Transcribe only what runs from the line containing "The UCC27532 has" through the final line below, exactly, and leave every picture out.

====== Record extracts

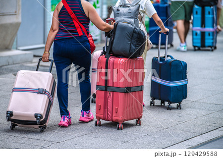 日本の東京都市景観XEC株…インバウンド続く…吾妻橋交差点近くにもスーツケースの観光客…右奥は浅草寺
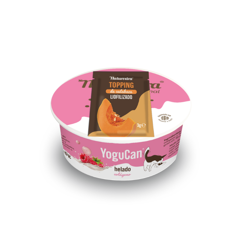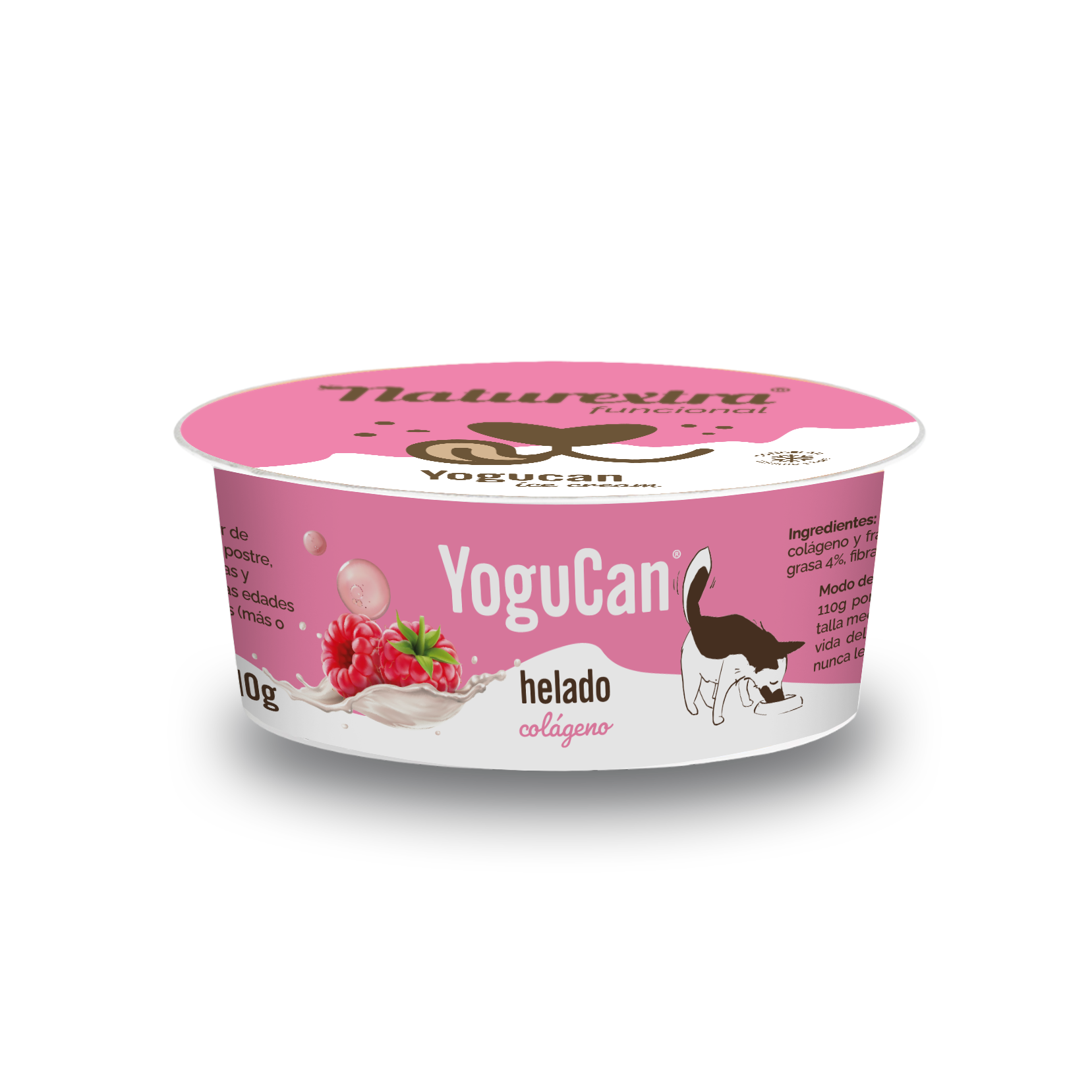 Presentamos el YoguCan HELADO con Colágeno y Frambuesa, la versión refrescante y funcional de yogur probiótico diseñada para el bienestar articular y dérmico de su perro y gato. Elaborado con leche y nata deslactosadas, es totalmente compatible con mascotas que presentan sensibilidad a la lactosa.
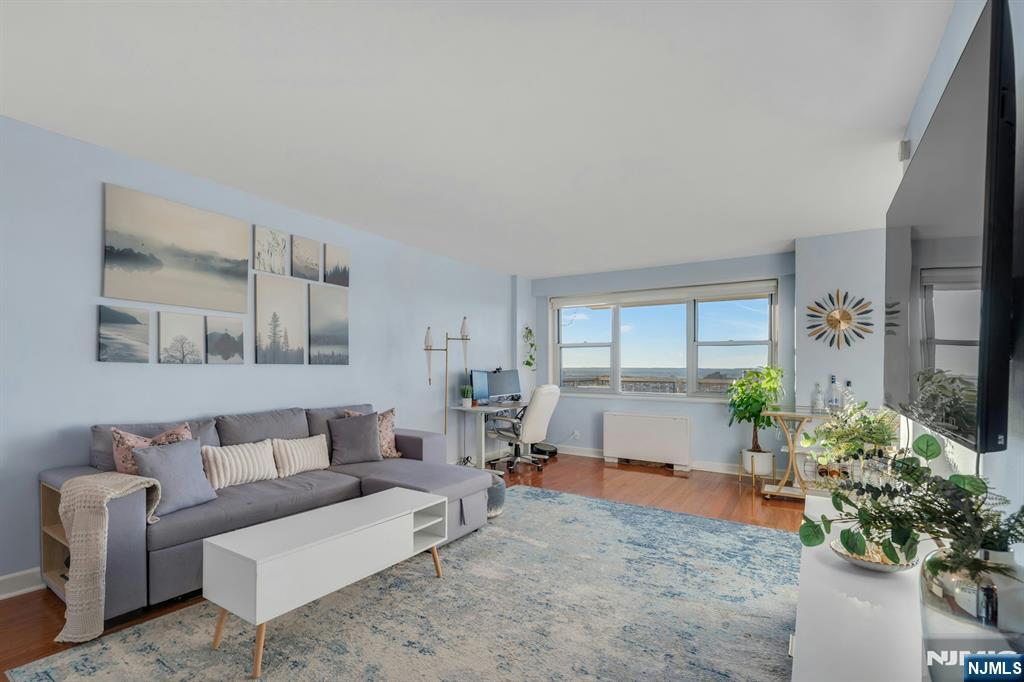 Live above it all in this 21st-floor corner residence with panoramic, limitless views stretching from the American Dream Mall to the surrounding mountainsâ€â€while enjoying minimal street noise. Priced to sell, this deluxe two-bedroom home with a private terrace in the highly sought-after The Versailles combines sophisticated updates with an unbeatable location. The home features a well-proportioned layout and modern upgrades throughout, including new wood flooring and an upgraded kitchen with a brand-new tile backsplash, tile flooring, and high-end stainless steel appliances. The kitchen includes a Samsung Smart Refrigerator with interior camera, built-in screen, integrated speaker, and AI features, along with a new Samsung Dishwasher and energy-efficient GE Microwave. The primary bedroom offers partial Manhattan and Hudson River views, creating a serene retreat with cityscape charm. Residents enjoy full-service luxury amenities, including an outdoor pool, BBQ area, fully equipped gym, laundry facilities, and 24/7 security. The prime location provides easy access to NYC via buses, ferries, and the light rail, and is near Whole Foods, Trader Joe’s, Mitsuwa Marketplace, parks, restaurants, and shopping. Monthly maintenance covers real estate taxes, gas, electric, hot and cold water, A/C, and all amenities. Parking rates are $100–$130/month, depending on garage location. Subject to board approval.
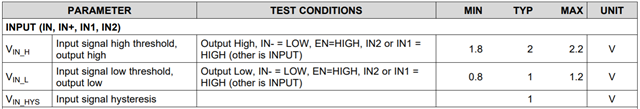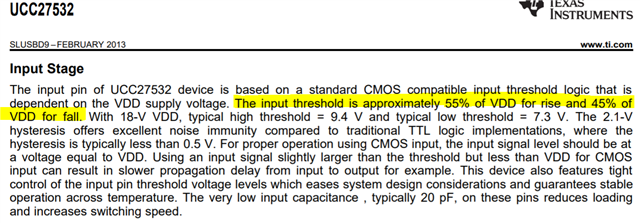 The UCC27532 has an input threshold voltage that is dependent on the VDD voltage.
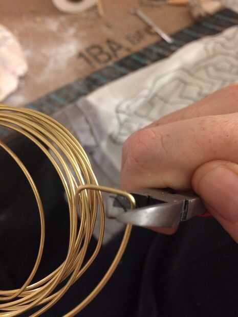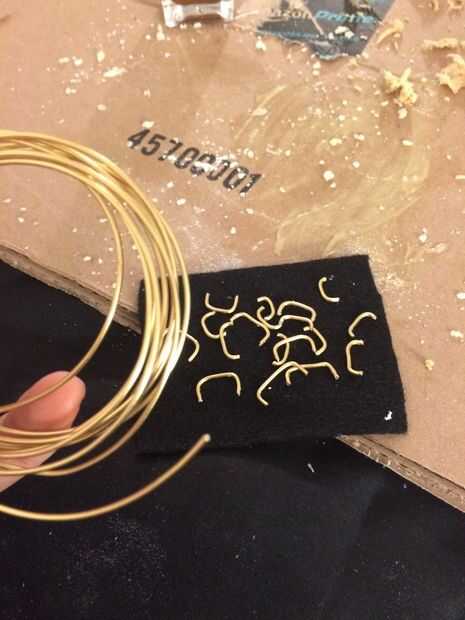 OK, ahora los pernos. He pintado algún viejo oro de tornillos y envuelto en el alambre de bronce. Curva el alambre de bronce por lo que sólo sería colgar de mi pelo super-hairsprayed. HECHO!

============

* Answer area *
 The UCC27532 has an input threshold voltage that is dependent on the VDD voltage.
 OK, ahora los pernos. He pintado algún viejo oro de tornillos y envuelto en el alambre de bronce. Curva el alambre de bronce por lo que sólo sería colgar de mi pelo super-hairsprayed. HECHO!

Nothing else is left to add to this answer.